If you have read some of my analysis, I believe the credit crunch is coming, and if I am correct BBY will be crunched. The last 3 years has been categorized by flat screen tv's, ipods, and Garmins. The American consumer has purchased all these things because of a weak yen and plentiful credit. Best Buy offered no-APR for 12 months and was a source of this credit (alongside a financial institution). Now, they are not sitting on too many bad loans as they sold of much their receivables which where then packaged into some CDO. However, they benefited greatly from these sales.

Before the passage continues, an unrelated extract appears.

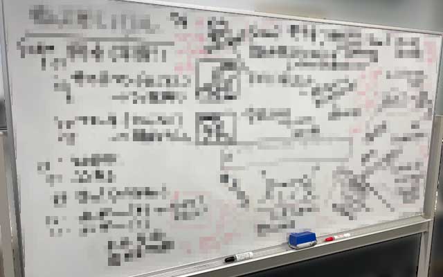 書かれている内容はあちこちバラバラなれど、俯瞰出来れば位置とかはあまり関係無いんですよねー、つながりが示せてれば…(^_^;)あと、なるべく消さずに残すのも重要で、後で生きてくるコトもあるので、横線引く程度で…で、まとまったと思ったら写真に撮っておけば、それで議事録にもなるし…(^_^;)
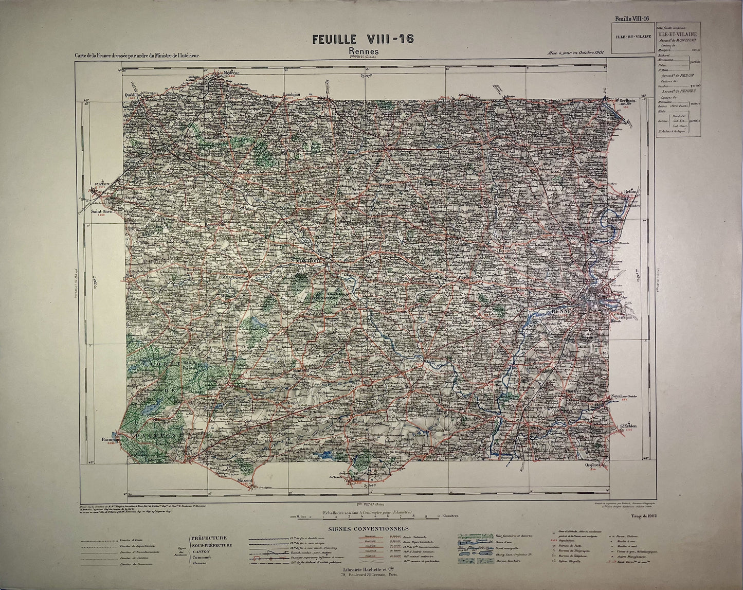 This old map of Ille-et-Vilaine entitled "Rennes" (VIII-16), was produced by the Ministry of the Interior from the end of the 19th to the beginning of the 20th century. Its dimensions are 57x45cm. To learn more, discover my article on the Vicinal Service map .

If you look at their quarterly earnings it net recievables increased nearly 50% in 2006 - much less than Revenue or earnings. This leads me to believe 2 things:
1. They can no longer get some of those receivables off their books
2. People are borrowing more to buy flat screen TV's
Now when put together its quite interesting. Not only is Best Buy becoming more like a bank, they are becoming a subprime lender as they are faced with many of these same credit risks. On top of that, those who borrowed from them borrowed for DEPRECIABLE assets. And one should never do that if they don't have to. Therefore those consumers that were runnign down the aisles last year appear to be strapped and their plasma TV didnt' increase in value but decreased by 50%.
My friend at college worked for this company and got us a discount (wholesale price). The biggest discounts we got were on TV's and insurance warranties. This is where BBY makes most of its money - the combination of big-ticket items at large markups and expensive insurance policies on those items. If sales of these items slows, we will see some ugly EPS announcements and 40 or lower very soon.